The endotracheal tube (upper panel) and the laryngeal mask airway (lower panel) placed in the cadaveric airway; H – hyoid bone, r – reverberation, C – cuff, P – posterior wall of the pharynx

Discussion

Capnography is the standard method to confirm correct ETT or LMA placements(3). However, it may be unreliable during cardiopulmonary resuscitation and low flow states which may lead to an unnecessary removal of a well-placed ETT, re-intubation and interruption of chest compressions. Tracheal US does not interrupt chest compressions and is not affected by low pulmonary flow or airway obstruction, but is limited by US scattering and artifacts generated in air-tissue interfaces. This study demonstrates that the replacement of air with saline in ETT or LMA cuffs enables their detection and the visualization of the surrounding structures or tissues and markedly limits US artifacts.

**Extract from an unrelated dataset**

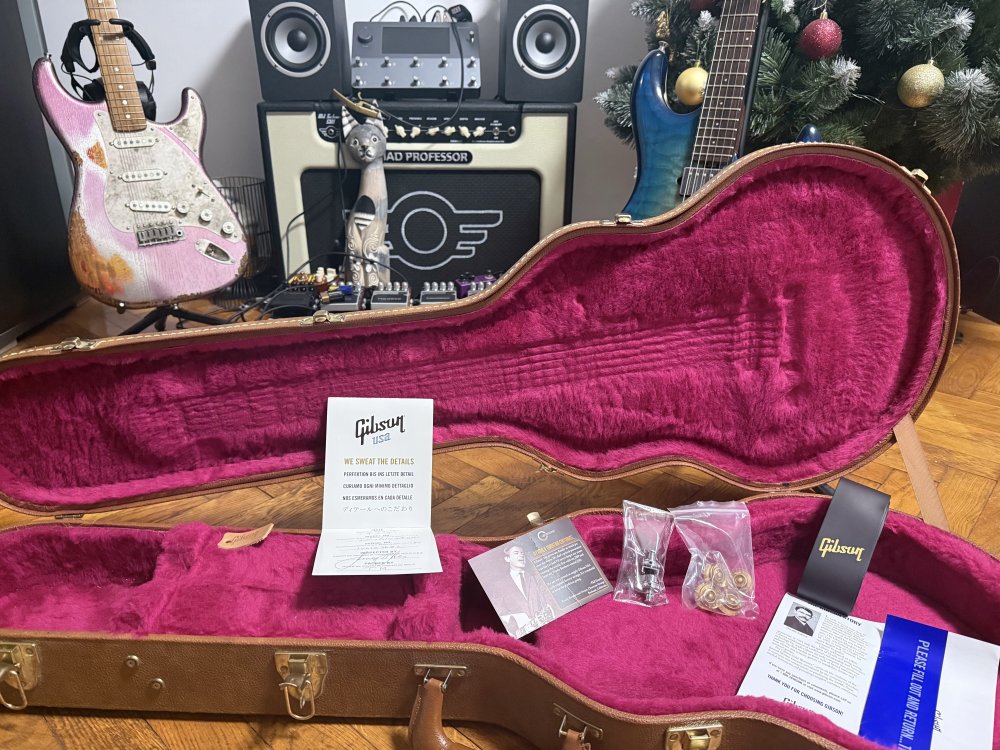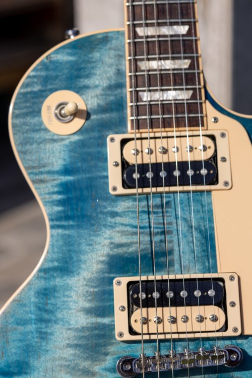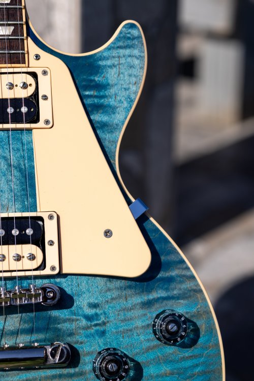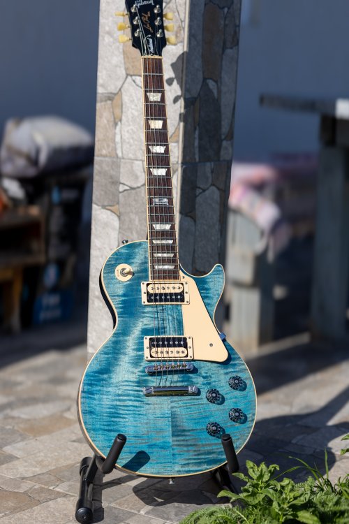 Chitară a aparținut stimabilului @AddRien, căruia îi mulțumesc din nou pentru că a avut grijă să-mi trimită un instrument deosebit, îngrijit și gata de cântat. Aici aveți anunțul original, nu are sens să repet toată povestea din spate. Este un LP Traditional mai cu moț, făcând parte dintr-o ediție limitată ocazionată de aniversarea a 120 ani de Gibson. Chitarele din acest batch au început să devină din ce în ce mai căutate, în mod particular acest finisaj jeans, Ocean Blue, care este de-a dreptul spectaculos. Vine cu hardcase original. Nu caut să fac profit. M-a costat 9.500 lei, o vând cu 9.500 lei. Mi-a fost rușine să negociez având în vedere prețul excelent, așa că nici la vânzare nu e loc de rabat. Modelul de față, în finish Ocean Blue, apare rar la vânzare și, pentru moment, este singura chitară disponibilă. Schimb cu Soldano SLO100 (diferență din partea mea), Tone King Imperial MKii (schimb 1:1) sau Falcon Grande (+1000 lei din partea voastră).
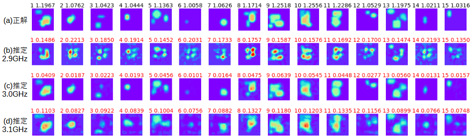 (b)(c)(d)は学習時と比べて周波数が低いとき、同じとき、高いときです。

Similar improvement in visualization was obtained in cadavers after filling of the cuffs with saline. Therefore, it is likely that saline-filled cuffs may be detected in patients after endotracheal intubation or placement of the supraglottic airway.

Conflict of interests

The authors do not report any financial or personal links with other persons or organizations, which might negatively affect the content of this publication and claim authorship rights to this publication.